There’s been a growing clamor both here and abroad to have entities who have had data breaches fined. And while the ICO has been promising that such fines are “imminent” and will be announced before the end of this month, I find myself wondering why we, the public, are becoming increasingly strident in our call for fines.
Is the desire to see Google fined for its wi-fi mess with Street View or Facebook fined for its numerous privacy problems a matter of schadenfreude because we enjoy seeing others suffer, or is it that we want to see the mighty fall — or is it that we want some small measure of revenge or justice for them having breached or compromised our privacy? Or is it that we’re angry at what appears to be a double standard: that if we make huge mistakes or violate laws, we pay a price, and these companies should, too?

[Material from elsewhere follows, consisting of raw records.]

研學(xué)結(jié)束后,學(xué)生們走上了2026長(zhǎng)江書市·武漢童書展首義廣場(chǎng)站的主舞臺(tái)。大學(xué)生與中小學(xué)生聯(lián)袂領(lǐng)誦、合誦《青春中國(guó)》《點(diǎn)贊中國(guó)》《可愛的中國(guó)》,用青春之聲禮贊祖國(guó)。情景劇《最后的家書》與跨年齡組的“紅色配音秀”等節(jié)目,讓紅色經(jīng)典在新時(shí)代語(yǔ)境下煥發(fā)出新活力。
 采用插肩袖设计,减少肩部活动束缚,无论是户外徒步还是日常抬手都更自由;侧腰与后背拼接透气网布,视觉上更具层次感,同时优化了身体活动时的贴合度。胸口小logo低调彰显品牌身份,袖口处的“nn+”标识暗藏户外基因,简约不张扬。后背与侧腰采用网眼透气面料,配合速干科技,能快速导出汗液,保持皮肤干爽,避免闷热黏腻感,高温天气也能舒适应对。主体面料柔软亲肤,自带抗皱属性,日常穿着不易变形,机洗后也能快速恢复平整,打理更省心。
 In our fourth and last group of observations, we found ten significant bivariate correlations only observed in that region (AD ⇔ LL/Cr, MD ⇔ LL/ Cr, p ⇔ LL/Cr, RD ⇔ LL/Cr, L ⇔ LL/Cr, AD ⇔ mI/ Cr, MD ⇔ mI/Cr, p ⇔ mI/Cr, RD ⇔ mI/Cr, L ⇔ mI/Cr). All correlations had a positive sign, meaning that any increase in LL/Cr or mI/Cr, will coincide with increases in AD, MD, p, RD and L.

Mulling some possible explanations over, I came up with another thought. As every parent quickly learns, if you keep threatening consequences but never follow through, your threats become empty and meaningless. And maybe that’s what some of this is all about. For a long time, entities have been given dire warnings about what might be, but if it never comes to pass, the warnings lose their effectiveness.

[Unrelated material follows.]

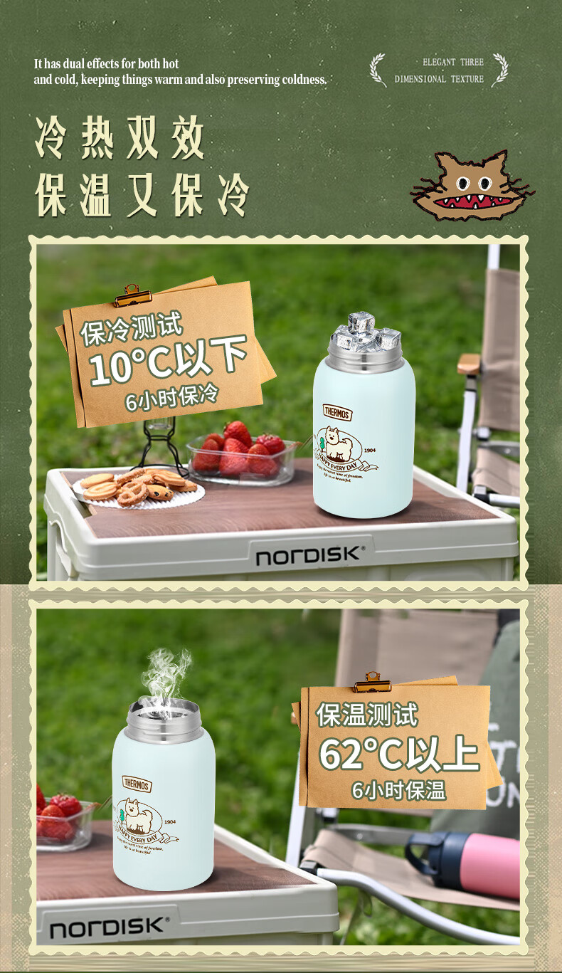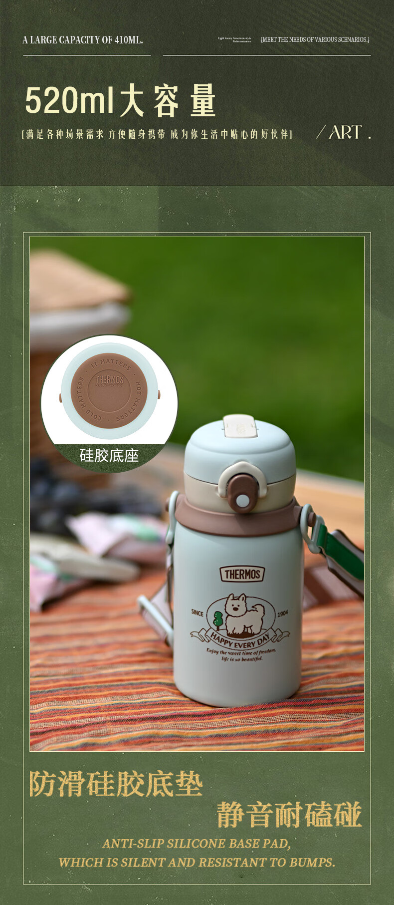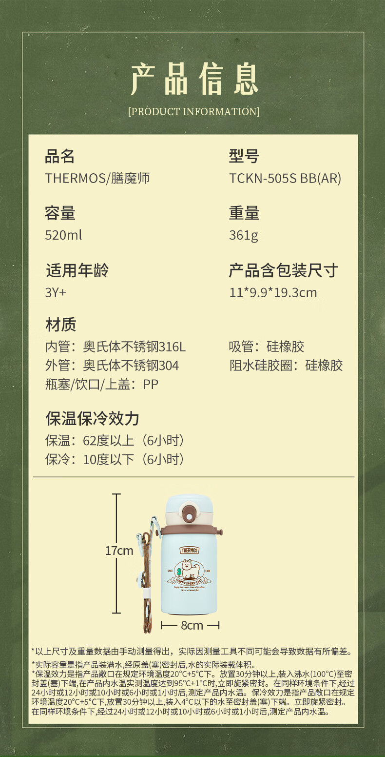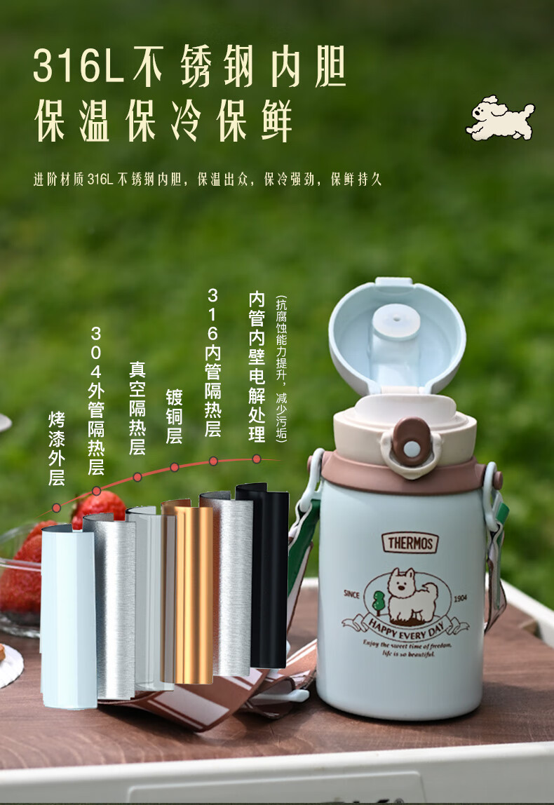 膳魔师(THERMOS)儿童保温杯美式复古316L不锈钢双饮杯肩带吸管直饮学生杯TCKN

Even though the UK’s ICO, our FTC, and our HHS/OCR have the authority to impose fines, only the FTC has done so to date. Despite the tens of thousands of complaints it has received, HHS has not imposed a single fine for violation of HIPAA or HITECH. It has permitted three resolution agreements, but has not used its power to fine effectively as a deterrent. And so we see some state attorneys general pursuing lawsuits over data breaches while the federal agencies who could be imposing fines are not doing so. A few well-publicized fines would give IT professionals and lawyers the ammo they need to go back to their clients and say, “Look, if you don’t do this right, you could be the next big fine.”

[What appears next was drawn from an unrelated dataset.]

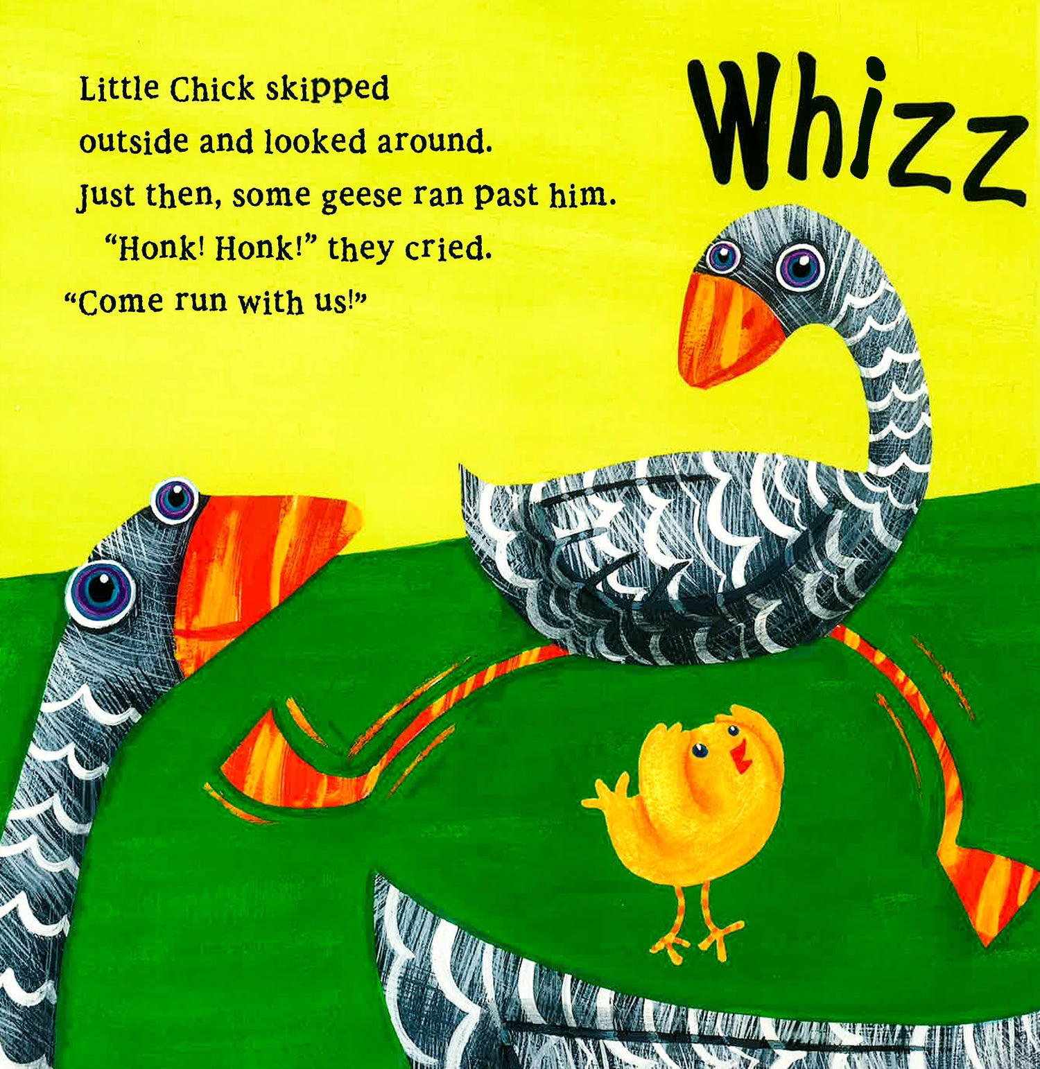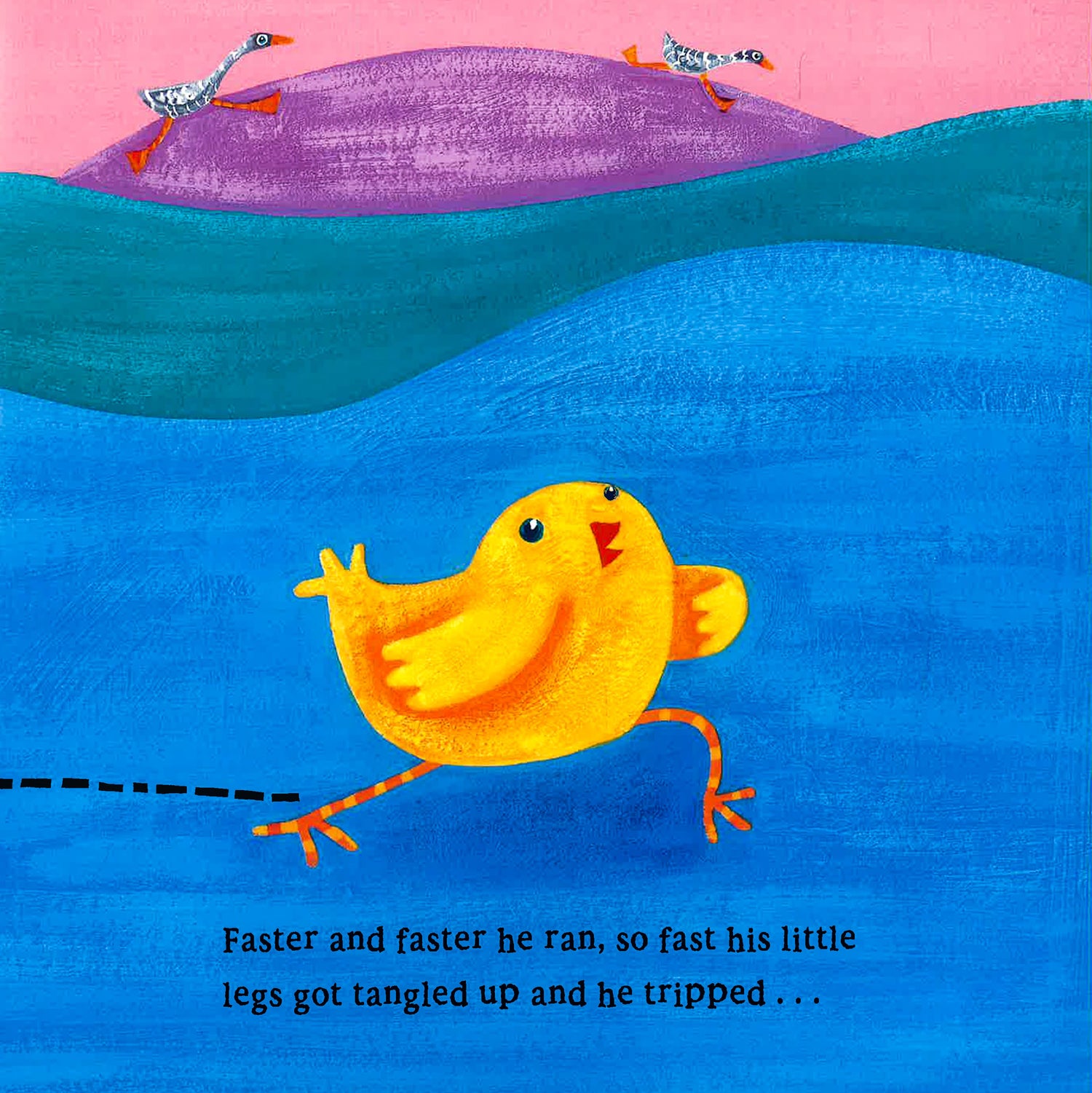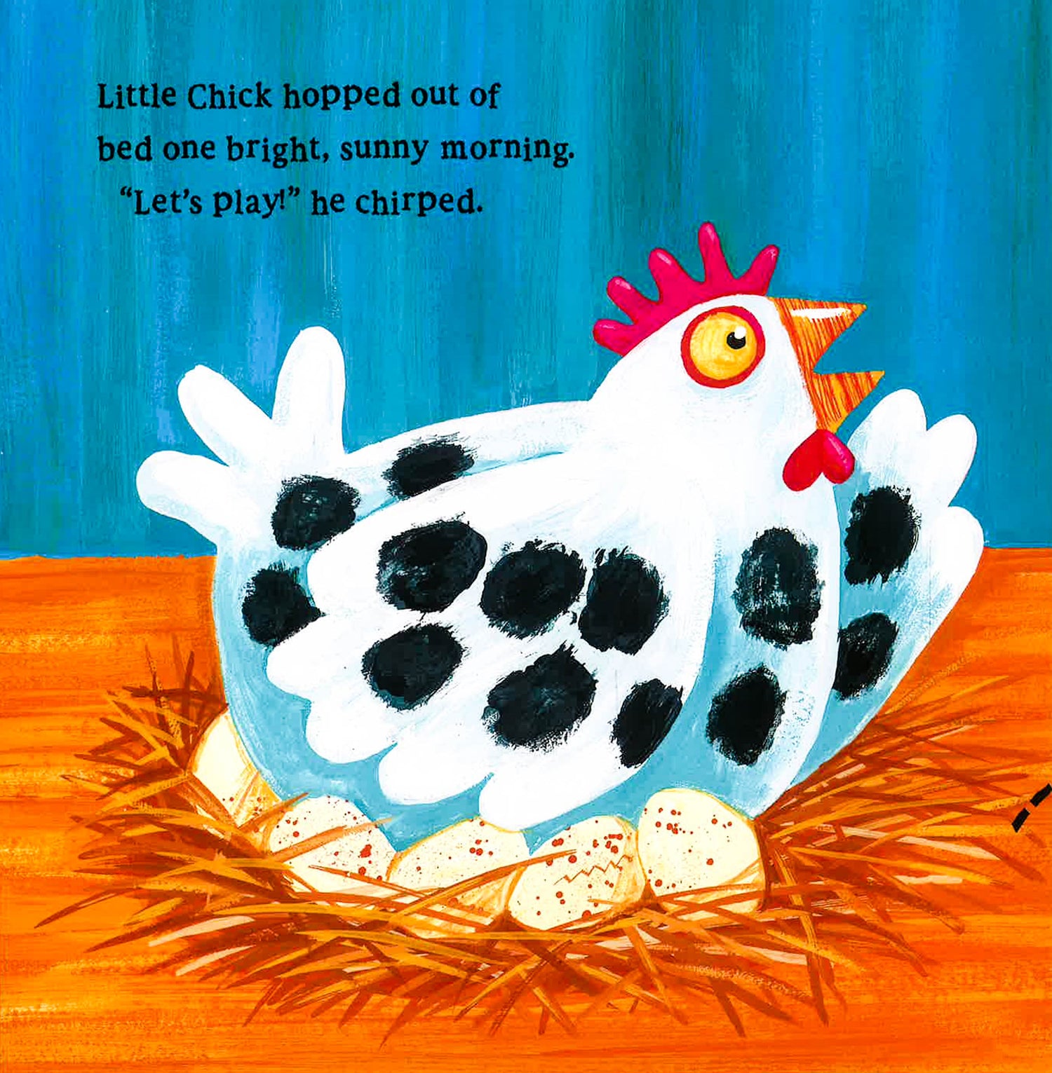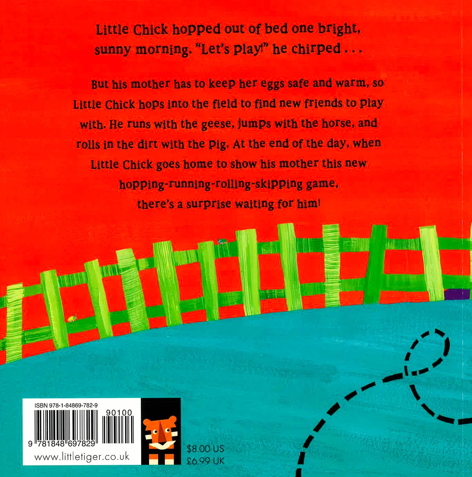 Little Chick bounced out of bed one bright sunny morning. Lets play, Mum! he chirped. But Mum has to keep her eggs safe and warm,so Little Chick hops into the farmyard to find new friends to play with. He has a wonderful bouncy-jumpy- roly-running time! And when he gets home, theres a very special surprise . . .

But then again, maybe it all boils down to the public wanting to know that our governments are serious about addressing security and privacy breaches. And maybe the increasingly strident demands for fines is really our way of saying to our respective governments, “If you want us to believe you’re really taking this seriously, then make them put their money where your mouth is.”
What do you think? Should there be more federal fines over breaches or are such fines more likely to backfire as more entities decide to try to hide breaches for fear of fines?
Are you satisfied with how your government has responded to breaches?
Update: Cervello Consultants thinks that the fines are needed in the UK.